Литмир - Электронная Библиотека

Послышался шум шагов, Маша обернулась и увидела, как в сопровождении двух охранников в комнату вошёл Карлос Альпеджио. Ну что ж, понятно. Терпеть провал - так уж всем сразу.

Техник, что пришёл вместе с ними, пошуровал сзади короба меморизатора и через минуту вынес оттуда маску, подобную Машиной - только на длинном проводе. Директор сел на стул и стал отщёлкивать крепления. Маша поняла, что он будет видеть то же, что и она.

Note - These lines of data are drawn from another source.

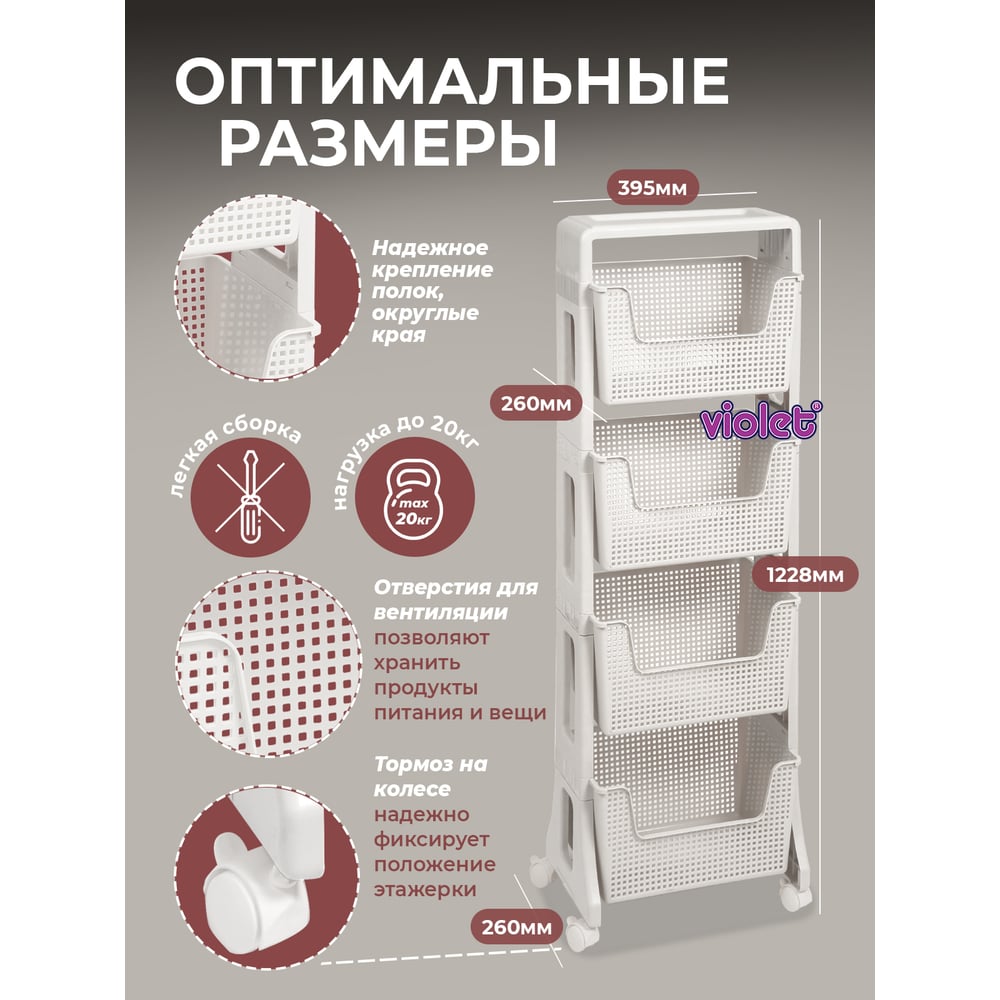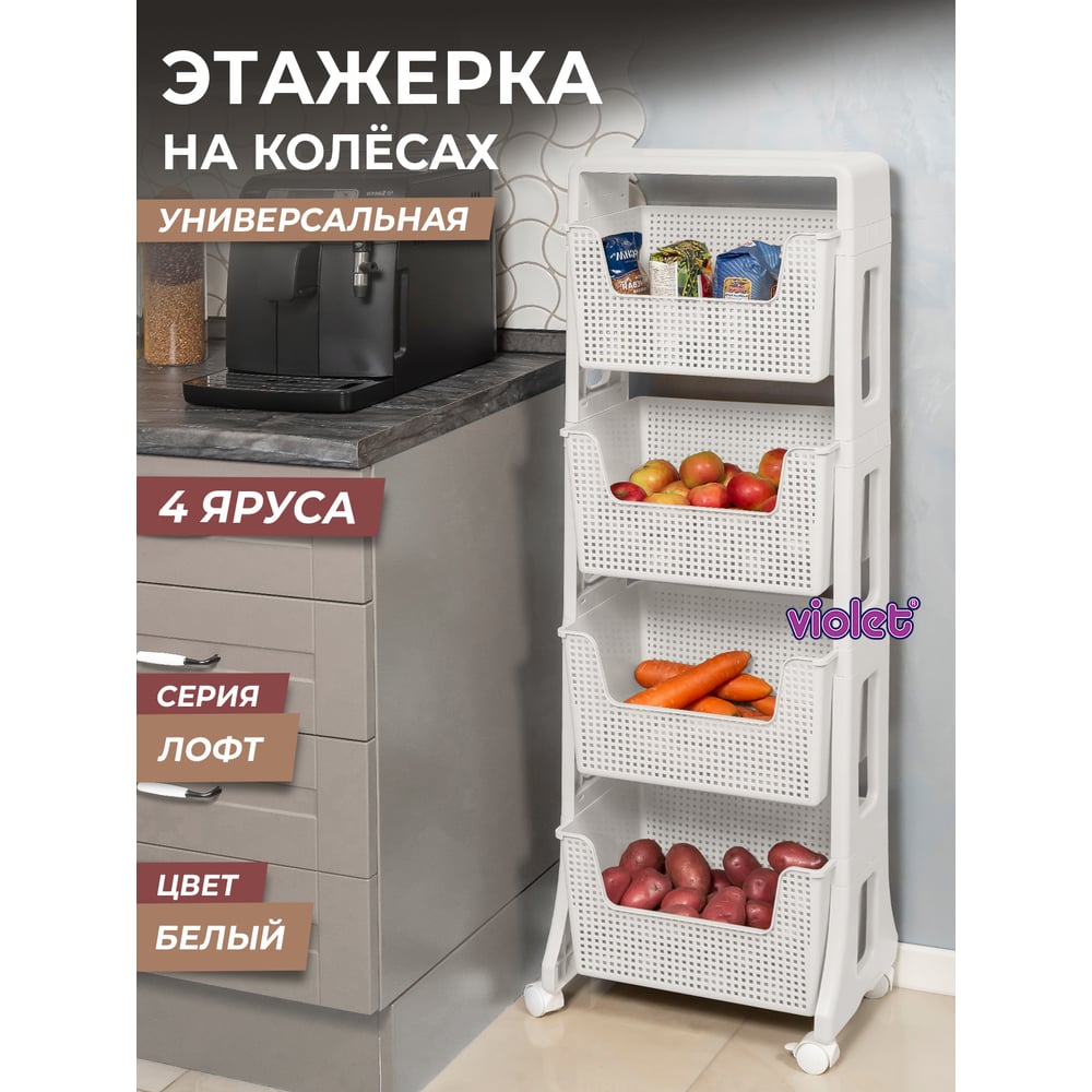Этажерка Violet Лофт напольная, 4-х ярусная, на колесах, белая 770406
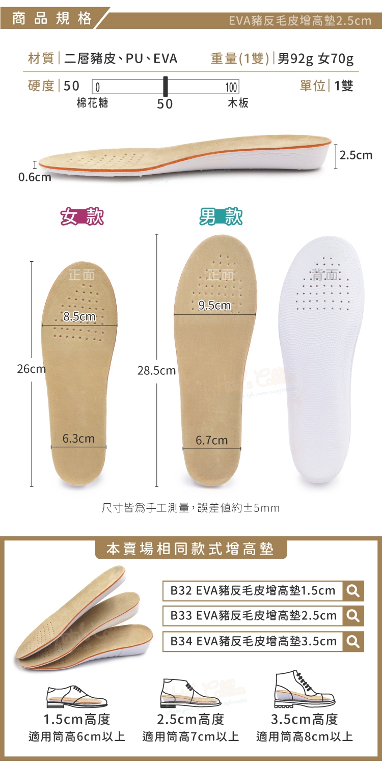 豬二層皮增高墊 磨砂皮增高墊 二層豬皮增高墊
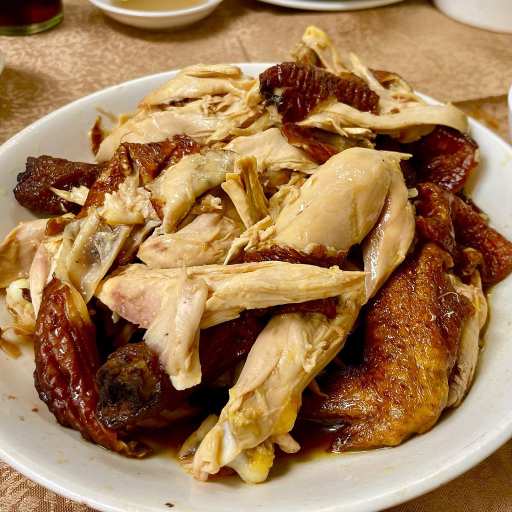 山東燒雞,聽來簡單,其實需要先炸后蒸,再將原只雞起肉,而此菜的靈魂卻是蒜汁,泰豐廔的山東燒雞汁幾十年不變,始終如一。
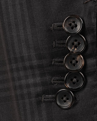 Dark grey wool glen-plaid two-piece suit including a peak lapel jacket with right two flap pockets and center front button closure; paired with matching straight fit pants.

Что делать, объяснять было не нужно. Маша села, щёлкнула тумблером и, прежде чем начать, оглянулась на Директора. Техник подошёл к ней и закрепил на Машиных висках и запястьях маленькие датчики.

- Это детектор лжи, - сказал Квинт, явно наслаждаясь своими, явно очень остроумными для него самого, придумками.

Затем он движением пальца выпроводил охрану и техника из кабинета, но тут же, видя, как охрана уводит массажиста, приказал:

- А Вас, мистер Альпеджио, я попрошу остаться. Вы мне нужны здесь. Посмотрим-ка, что будет происходить.

Маша с Альпеджио остались наедине с Директором. Обстановка сквозила чем-то тягостным - но не для Квинта, который чувствовал себя с Машей и Карлосом абсолютно свободно и даже слегка игриво. И правда - чего ему бояться?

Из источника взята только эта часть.